▸ **Problem**:
Here is a listing. Write it all out again exactly, but not its pictures.

■ ■ ■ ■ ■

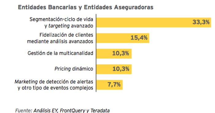 En lo referido a las aplicaciones percibidas por el conjunto del sector en este campo, un 33,3% resalta aquellas generadas en el área de la segmentación-ciclo de vida de sus clientes y en el targeting avanzado, traducidas en mayor rendimiento y eficiencia de las acciones comerciales. Además, aparece con fuerza, en la versión del informe de 2015, el scoring de riesgo y la valoración de carteras, sobre todo en las entidades financieras. Un 15,4% resalta la posibilidad de fidelización de clientes a través de análisis predictivos avanzados, lo que señalan en especial las entidades aseguradoras. Y a un 10,3% le resulta crucial la gestión de la omnicanalidad en un entorno donde las tecnologías multiplican los canales de comunicación y elevan la capacidad de transacción con las empresas y la información a compartir.
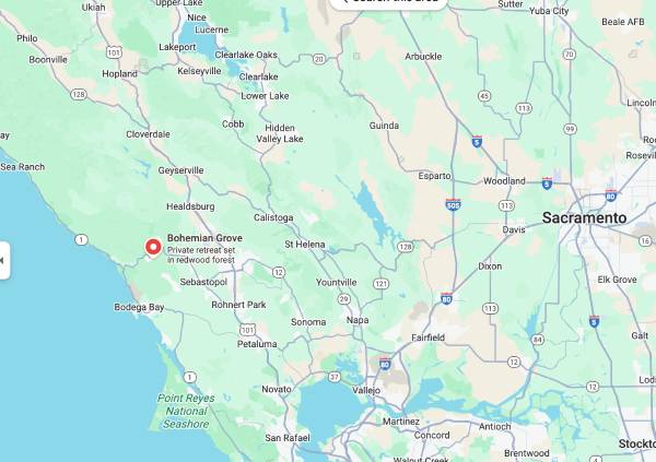 距离蒙特里奥小镇中心只有约1英里处,有一片占地2700英亩的私人营地,就坐落在这一片古老的红杉林中,名为波希米亚格罗夫或波希米亚丛林(The Bohemian Grove)。它隶属于成立于1872年的私人绅士会所“波希米亚俱乐部”,六年后开始举行夏季露营的传统。一个林地保护组织曾以每英亩4800美元的价格购买了附近的一块土地,这意味着光是俱乐部这块土地的价值就至少高达1300万美元。
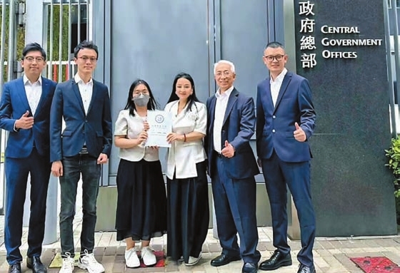 北部都會商會一行在李金會(右三)帶領下,到政府總部遞交「2025施政報告建議書」,由特首辦政策組行政主任駱嘉琳(左三)接收。
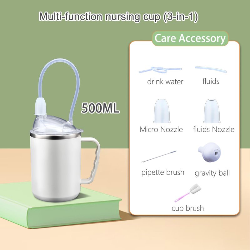 Multi-functional nursing cup Features:① Multi-functional nursing cup can be fluid, can be bed drinking, replacement of the suction can be used as a micro-anti-choking cup, replacement of the ordinary lid can be used as a daily cup, ② cup body has a capacity scale display, can be accurately feeding. ③Adjust the angle of the lid according to the needs of use.4Easy to use with one hand. It can be used even with shaky hands.
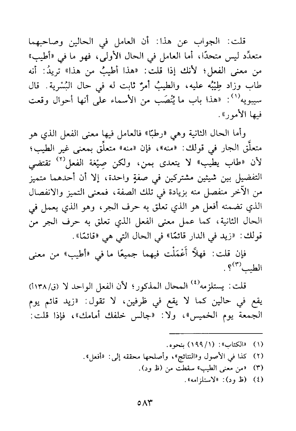 قلت الجواب عن هذا أن العامل في الحالين وصاحبهما متعدد ليس متحدا أما العامل في الحال الأولى فهو ما في أطيب من معنى الفعل لأنك إذا قلت
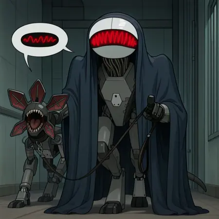 itcond1,机器人,巨大的白色头部,无眼睛,无嘴巴,脖子由电线组成,蓝色斗篷,帽子抬起,发光的红色波形面部标记
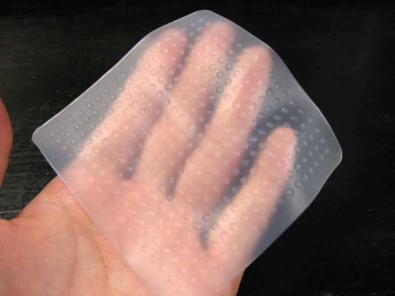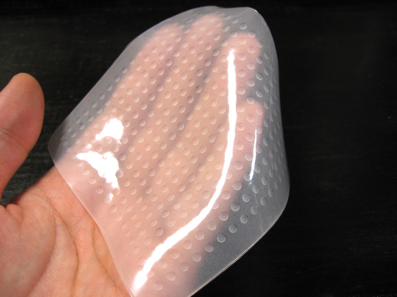 裏面は光沢加工で、シリコーン樹脂特有のベタベタした粘着性があります。
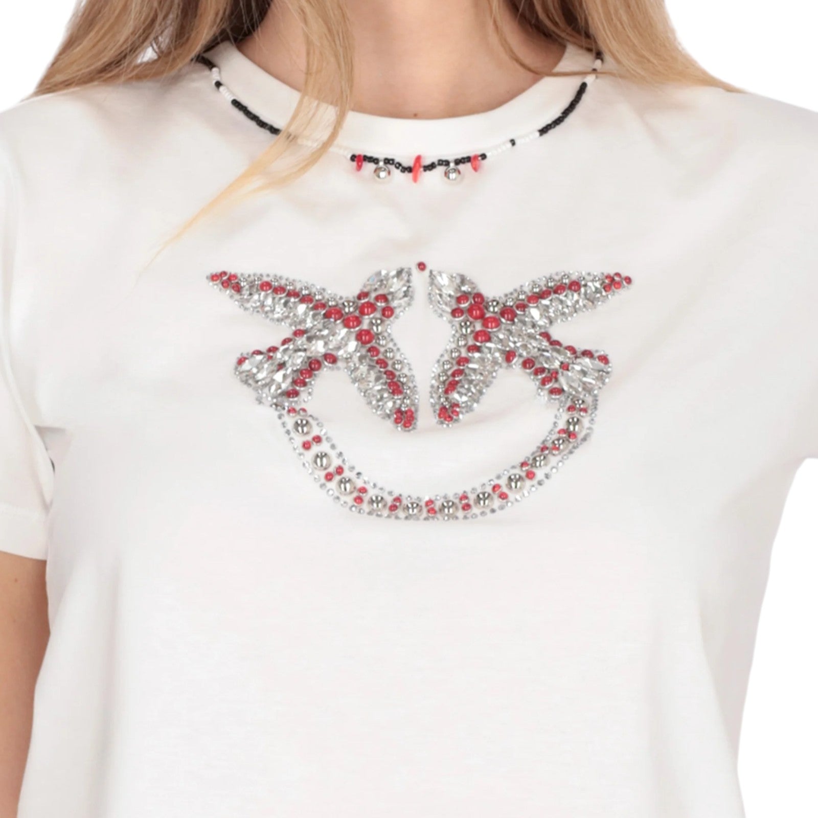 T-shirt donna con ricamo e strass
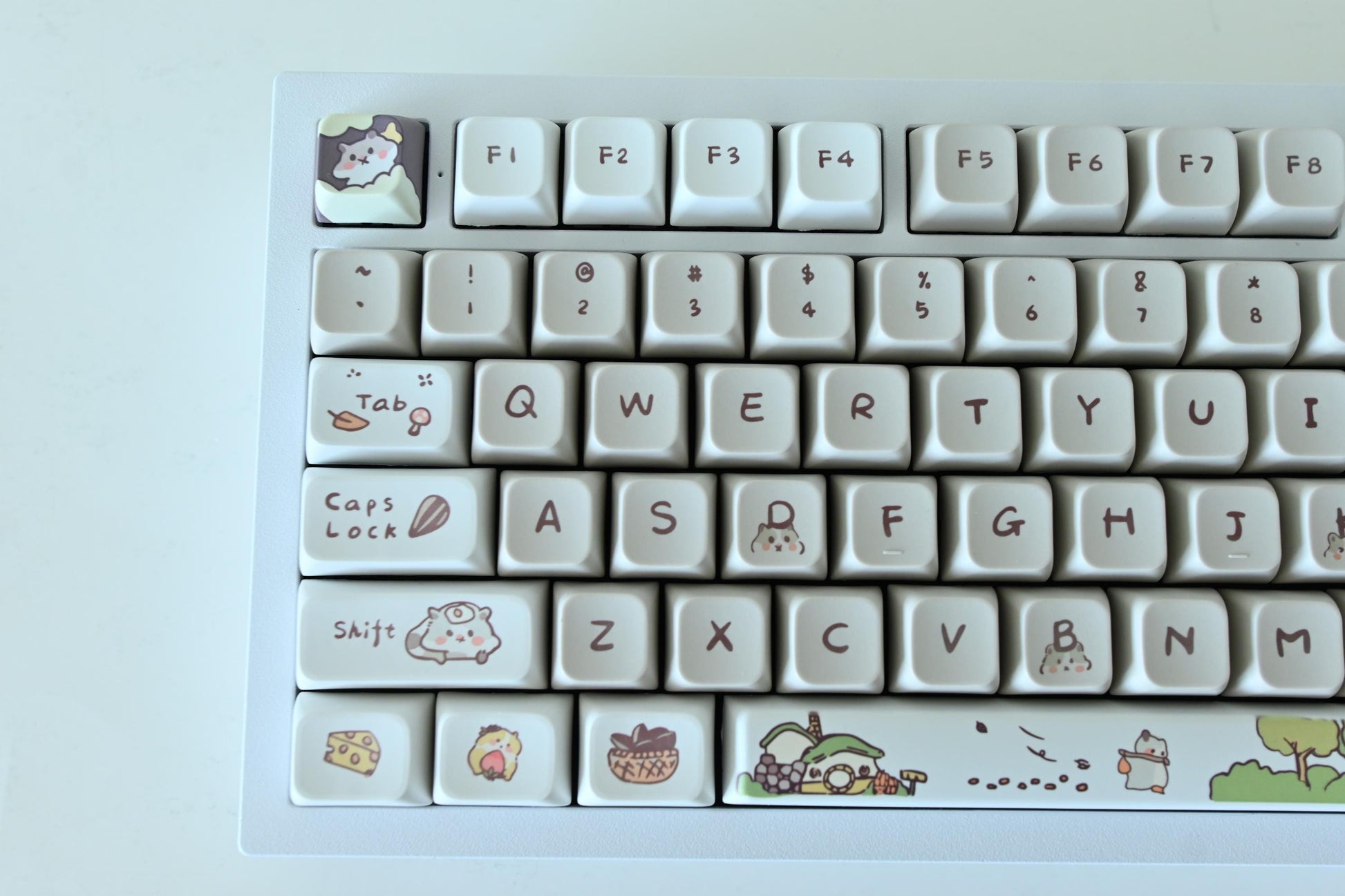 This adorable hamster mouse keycap set features multiple images of a cartoon hamster mouse in different poses, and features the night sky as part of the keycap set theme.

■ ■ ■ ■ ■

▸ **Reply to the exercise**:
 En lo referido a las aplicaciones percibidas por el conjunto del sector en este campo, un 33,3% resalta aquellas generadas en el área de la segmentación-ciclo de vida de sus clientes y en el targeting avanzado, traducidas en mayor rendimiento y eficiencia de las acciones comerciales. Además, aparece con fuerza, en la versión del informe de 2015, el scoring de riesgo y la valoración de carteras, sobre todo en las entidades financieras. Un 15,4% resalta la posibilidad de fidelización de clientes a través de análisis predictivos avanzados, lo que señalan en especial las entidades aseguradoras. Y a un 10,3% le resulta crucial la gestión de la omnicanalidad en un entorno donde las tecnologías multiplican los canales de comunicación y elevan la capacidad de transacción con las empresas y la información a compartir.
 距离蒙特里奥小镇中心只有约1英里处,有一片占地2700英亩的私人营地,就坐落在这一片古老的红杉林中,名为波希米亚格罗夫或波希米亚丛林(The Bohemian Grove)。它隶属于成立于1872年的私人绅士会所“波希米亚俱乐部”,六年后开始举行夏季露营的传统。一个林地保护组织曾以每英亩4800美元的价格购买了附近的一块土地,这意味着光是俱乐部这块土地的价值就至少高达1300万美元。
 北部都會商會一行在李金會(右三)帶領下,到政府總部遞交「2025施政報告建議書」,由特首辦政策組行政主任駱嘉琳(左三)接收。
 Multi-functional nursing cup Features:① Multi-functional nursing cup can be fluid, can be bed drinking, replacement of the suction can be used as a micro-anti-choking cup, replacement of the ordinary lid can be used as a daily cup, ② cup body has a capacity scale display, can be accurately feeding. ③Adjust the angle of the lid according to the needs of use.4Easy to use with one hand. It can be used even with shaky hands.
 قلت الجواب عن هذا أن العامل في الحالين وصاحبهما متعدد ليس متحدا أما العامل في الحال الأولى فهو ما في أطيب من معنى الفعل لأنك إذا قلت
 itcond1,机器人,巨大的白色头部,无眼睛,无嘴巴,脖子由电线组成,蓝色斗篷,帽子抬起,发光的红色波形面部标记
 裏面は光沢加工で、シリコーン樹脂特有のベタベタした粘着性があります。
 T-shirt donna con ricamo e strass
 This adorable hamster mouse keycap set features multiple images of a cartoon hamster mouse in different poses, and features the night sky as part of the keycap set theme.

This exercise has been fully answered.